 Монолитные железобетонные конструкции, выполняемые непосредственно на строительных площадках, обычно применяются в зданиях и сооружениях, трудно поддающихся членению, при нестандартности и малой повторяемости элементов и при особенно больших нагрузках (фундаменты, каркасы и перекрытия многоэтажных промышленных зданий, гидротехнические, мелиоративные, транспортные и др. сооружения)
--
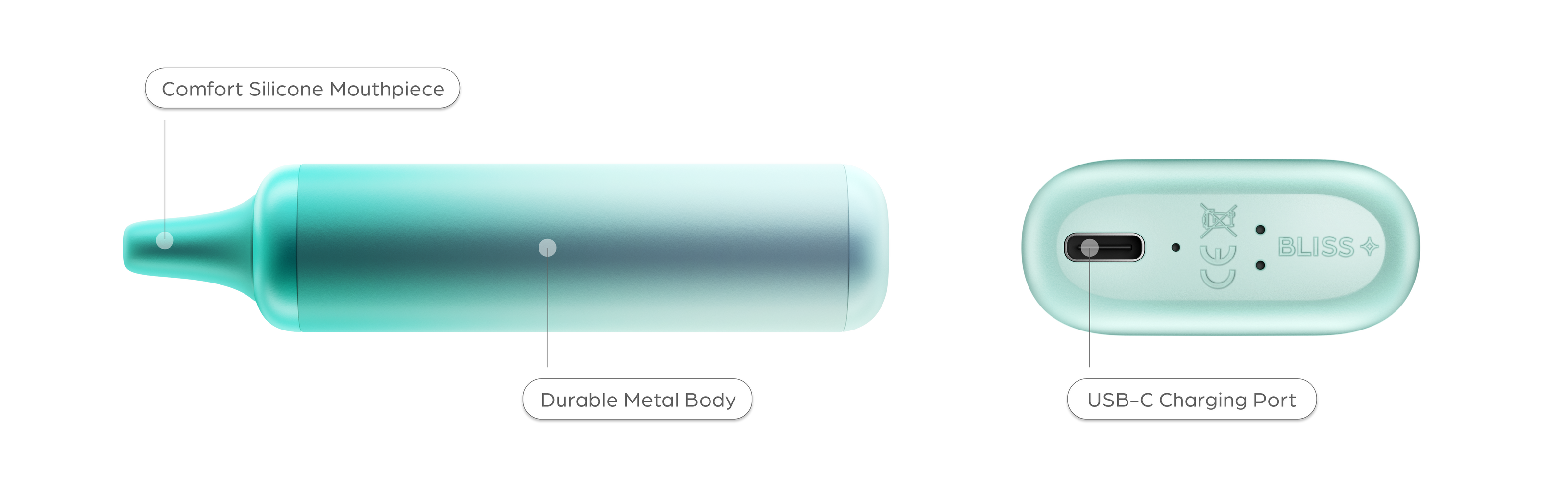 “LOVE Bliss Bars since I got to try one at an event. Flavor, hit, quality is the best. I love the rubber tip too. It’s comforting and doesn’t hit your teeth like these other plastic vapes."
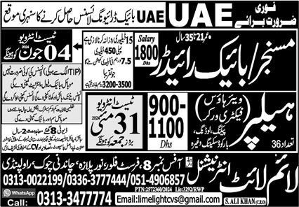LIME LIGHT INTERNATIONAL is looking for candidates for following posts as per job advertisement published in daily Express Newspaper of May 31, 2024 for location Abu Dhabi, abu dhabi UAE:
--
• **What is required**: Lines from the one above containing "Bliss Bars since" down to the one containing "LIME LIGHT INTERNATIONAL" should be transcribed exactly, with both ends kept and no pictures.

• **Expected answer**:
 “LOVE Bliss Bars since I got to try one at an event. Flavor, hit, quality is the best. I love the rubber tip too. It’s comforting and doesn’t hit your teeth like these other plastic vapes."
LIME LIGHT INTERNATIONAL is looking for candidates for following posts as per job advertisement published in daily Express Newspaper of May 31, 2024 for location Abu Dhabi, abu dhabi UAE:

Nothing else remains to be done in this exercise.